Rosling pointed to high levels of child mortality as a key factor in large family sizes. Falling mortality stimulates population growth in the short term, but contributes greatly to longer term declines in fertility along with the spread of education.

The programme presenter returned to Mozambique to the region where he once worked. The country remains very poor yet Rosling can point to an “amazing transformation”.

Back in 1975, he was one of two doctors serving 300,000 people in a run-down clinic.

This has been replaced by a hospital with 15 doctors, including eleven Mozambique citizens. There are well equipped operating rooms,a laboratory and a 24-hour pharmacy. Caesarian sections are regularly performed. Rosling visited Andrea and Olivia, a farmer and his wife with eight children. The couple rise at 4am, walking miles to get water. Andrea says : “I plant all kinds of crops but still don’t earn enough to feed my children.”

But the family are clawing their way out of abject poverty. A new roof has been put on the house. Andrea brings his crops to market, the couple having weighed them first so that they won’t be short-changed by the middleman. The plan is to earn enough so that they can buy a bike. This goal is achieved.

Andrea’s new bike will cut hours of drudgery off their day. He rides home in less than an hour — the walk to the market took several.

Rosling returned to the studio, quizzing his audience on their perceptions of literacy levels in Mozambique. Thirty eight per cent say that it is 40%, 43% say that it is 60%. Most British respondents would conclude, in fact, that the rate is far lower than that.
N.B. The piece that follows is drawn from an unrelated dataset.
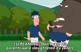 (SCREAMING) Don't yell! His parents were slaughtered by yellers.
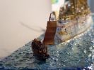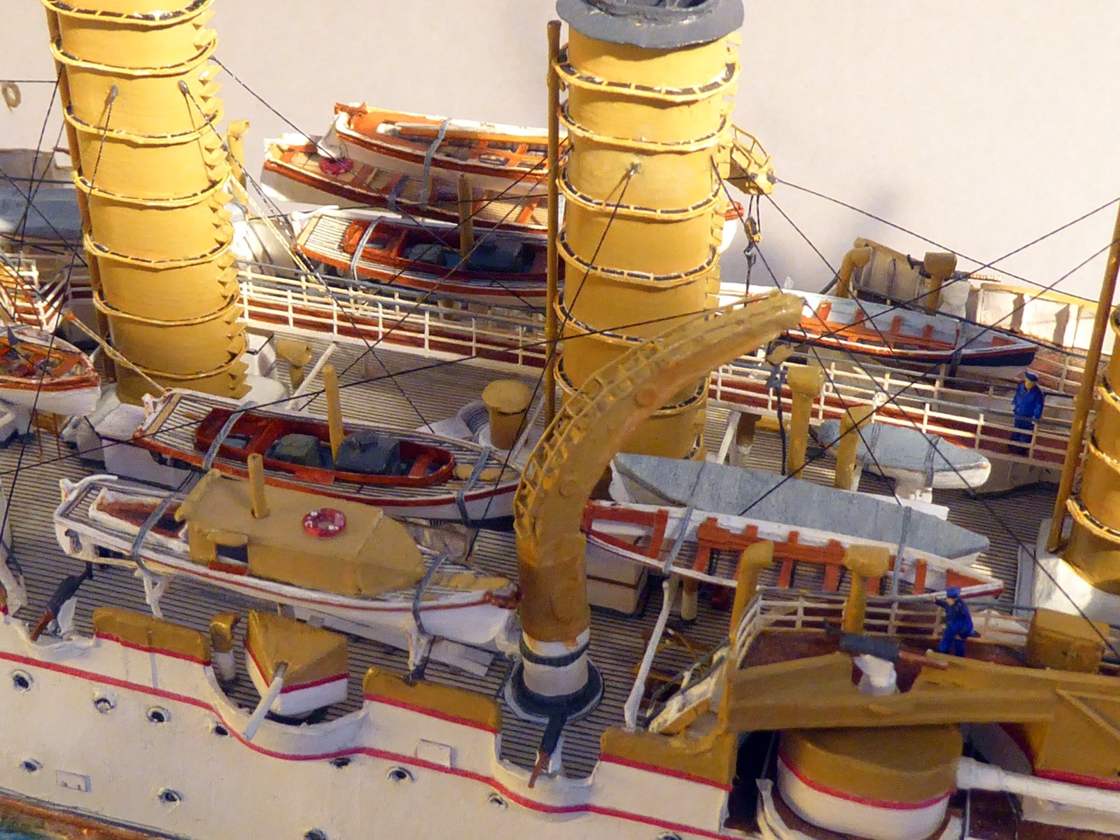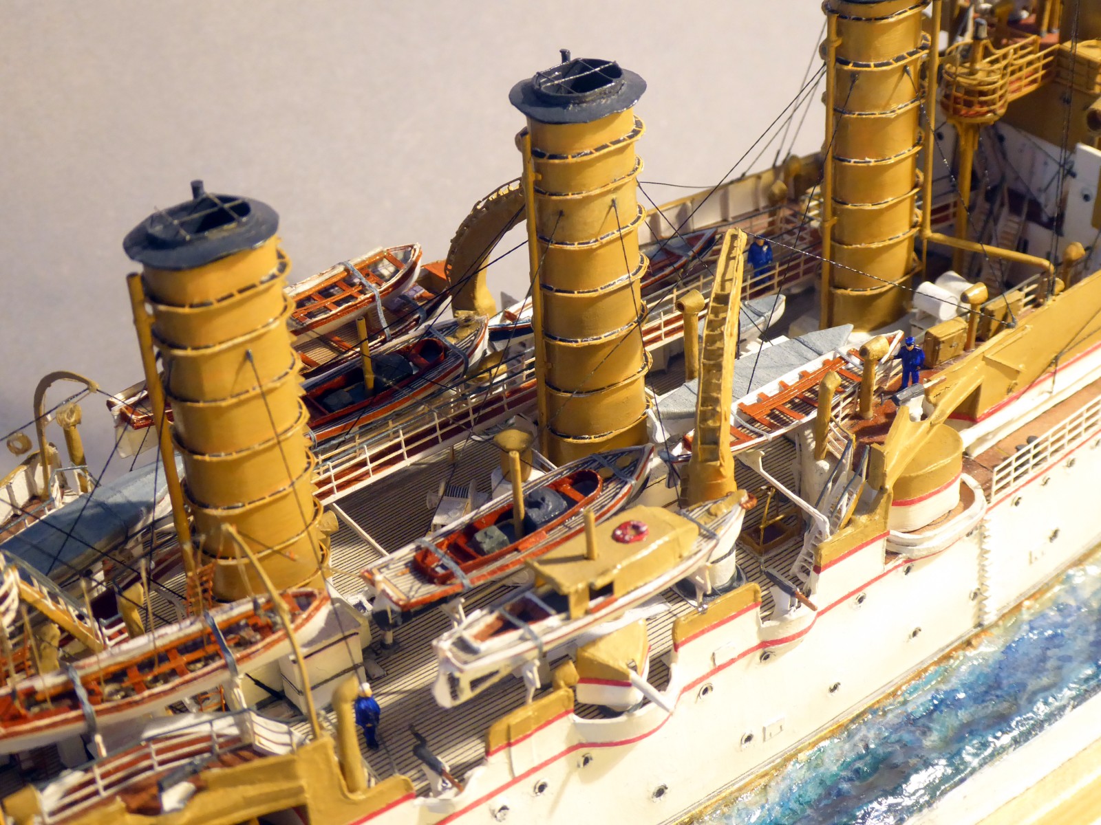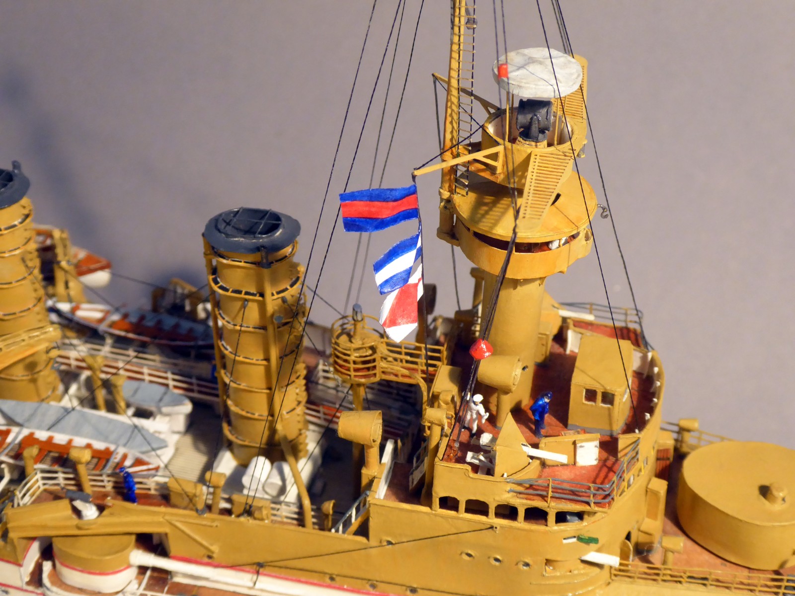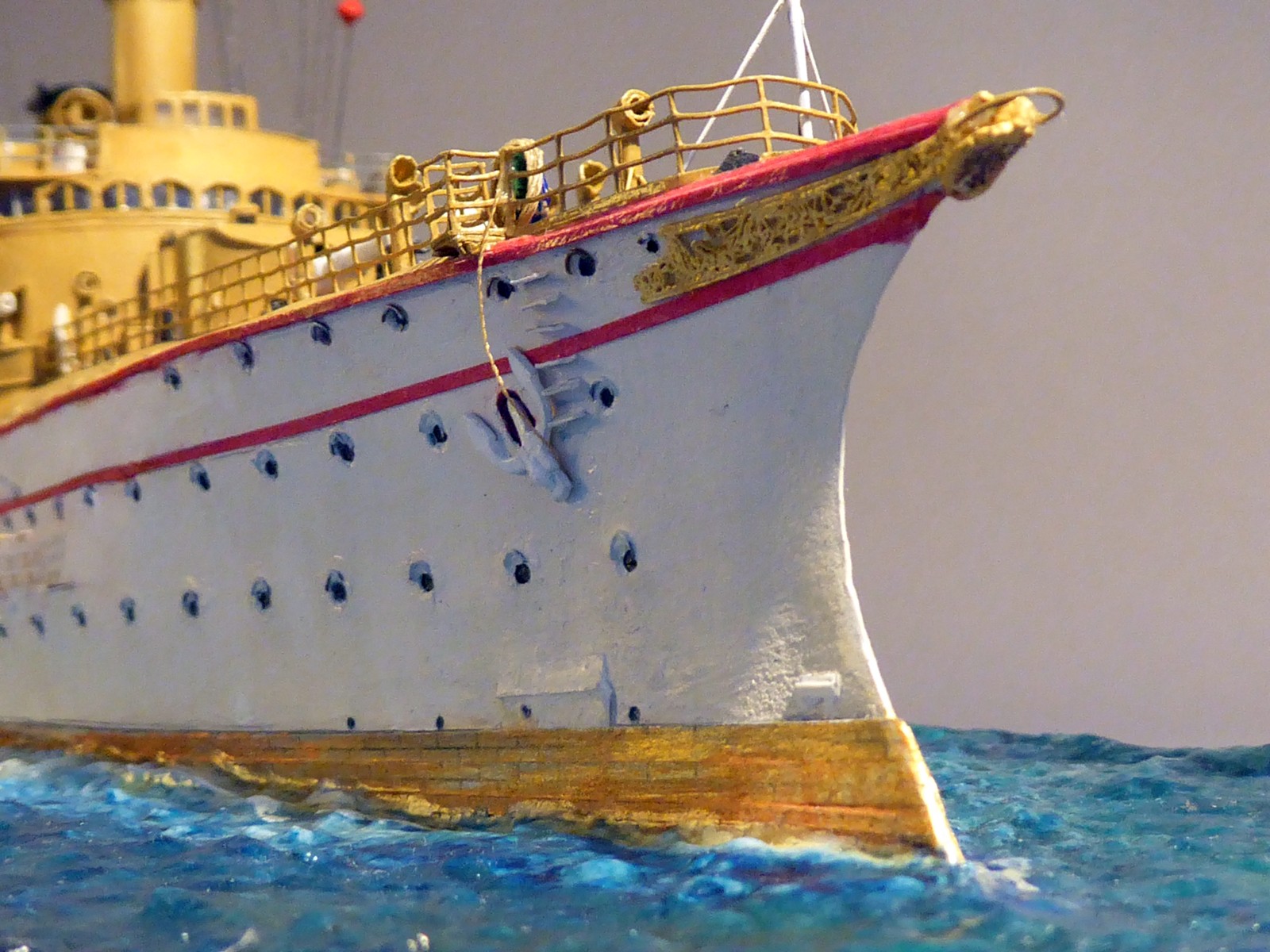 Bei meinem Umbau »von Victoria Louise zu Hansa« prüfte ich mühsam jedes Bauteil. Auffällig bei S.M.S. Hansa gegenüber ihren Schwesterschiffen: der Muntzmetallbeschlag über der Wasserlinie (eines ihrer Alleinstellungsmerkmale), andere Lüfterverteilung als bei den Schwestern (z.B. der große Kastenlüfter hinter dem achteren Kommandoturm), abweichende Bullaugen- und Fensteranzahl (z.B. vier Fenster an der Front des Ruderhauses) und vieles mehr. Ein markantes Merkmal ist der untere rote Streifen am Rumpf. Nur bei Hansa läuft er im Bugbereich in einem Bogen unter die Bugzier. S.M.S. Hertha führte ebenfalls zwei Streifen, bei ihr blieben sie jedoch auf ganzer Rumpflänge parallel. Sind das unwichtige Kleinigkeiten? Ich finde nicht – solche Details machen eine gute Recherche und damit auch ein gutes Modell aus.

The rate, in fact, has reached 80%. Rosling’s message is that we need to challenge our downbeat perceptions of life in places like Africa while recognising the enormous challenges still faced by the continent.

Of course, this sunny view can itself be challenged. Religious extremism, antediluvian attitudes to family planning and agriculture, the very present threat of climate change, armed gangs and corrupt elites. These factors remain.

However, Rosling provided an antidote to the counsels of despair that fill the airwaves and he belonged to a line of skilled communicators, including for example the doughty Canadian economist JK Galbraith, who managed to bring their subject alive, shining light on complex subjects.